After the SSE pass is complete, we check which states need to be forked. We first gather transition points and check whether they were reached by SSE. For the set of distinct, reachable transition points, MergePoint will fork a new symbolic state in a final step, where a DSE executor is created (pc, Π, Δ) using the state of each transition point.

Generating Test Cases. Though MergePoint can generate an input for each covered path, that would result in an exponential number of test cases in the size of the CFGe. By default, we only output one test per CFG node explored by SSE. (Note that for branch coverage the algorithm can be modified to generate a test case for every edge of the CFG.) The number of test cases can alternatively be minimized by generating test cases only for nodes that have not been covered by previous test cases.

Underapproximated CFGs. Last, before proceeding with DSE, veritesting checks whether we missed any paths due to the underapproximated CFG. To do so, veritesting queries the negation of the path predicate at the Exit node (the disjunction of the path predicates of forked states). If the query is satisfiable, an extra state is forked to explore missed paths.

Back to Top

4. Evaluation

In this section we evaluate our techniques using multiple benchmarks with respect to three main questions:

  1. Does Veritesting find more bugs than previous approaches? We show that MergePoint with veritesting finds twice as many bugs than without.
  2. Does Veritesting improve node coverage? We show MergePoint with veritesting improves node coverage over DSE.
  3. Does Veritesting improve path coverage? Previous work showed dynamic state merging outperforms vanilla DSE.16 We show MergePoint with veritesting improves path coverage and outperforms both approaches.

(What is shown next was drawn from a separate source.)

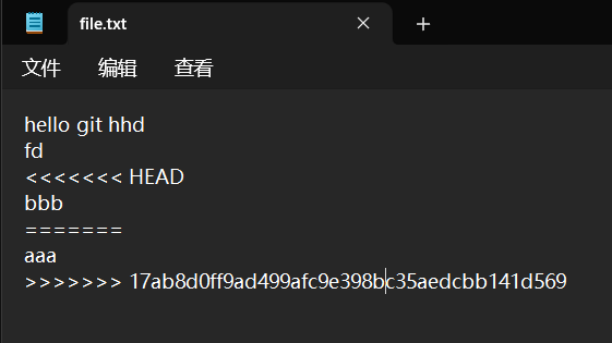 此时,打开 fille.txt 文件,会看到 Git 插入的冲突标记。

We detail our large-scale experiment on 33,248 programs from Debian Linux. MergePoint generated billions of SMT queries, hundreds of millions of test cases, millions of crashes, and found 11,687 distinct bugs.

Overall, our results show MergePoint with veritesting improves performance on all three metrics. We also show that MergePoint is effective at checking a large number of programs. Before proceeding to the evaluation, we present our setup and benchmarks sets. All experimental data from MergePoint are publicly available online.20

Experiment Setup. We ran all distributed MergePoint experiments on a private cluster consisting of 100 virtual nodes running Debian Squeeze on a single Intel 2.68 GHz Xeon core with 1 GB of RAM. All comparison tests against previous systems were run on a single node Intel Core i7 CPU and 16 GB of RAM since these systems could not run on our distributed infrastructure.

We created three benchmarks: coreutils, BIN, and Debian. Coreutils and BIN were compiled so that coverage information could be collected via gcov. The Debian benchmark consists of binaries used by millions of users worldwide.

Benchmark 1: GNU coreutils (86 programs) We use the coreutils benchmark to compare to previous work since: (1) the coreutils suite was originally used by KLEE6 and other researchers6, 7, 16 to evaluate their systems, and (2) configuration parameters for these programs used by other tools are publicly available.6 Numbers reported with respect to coreutils do not include library code to remain consistent with compared work. Unless otherwise specified, we ran each program in this suite for 1 h.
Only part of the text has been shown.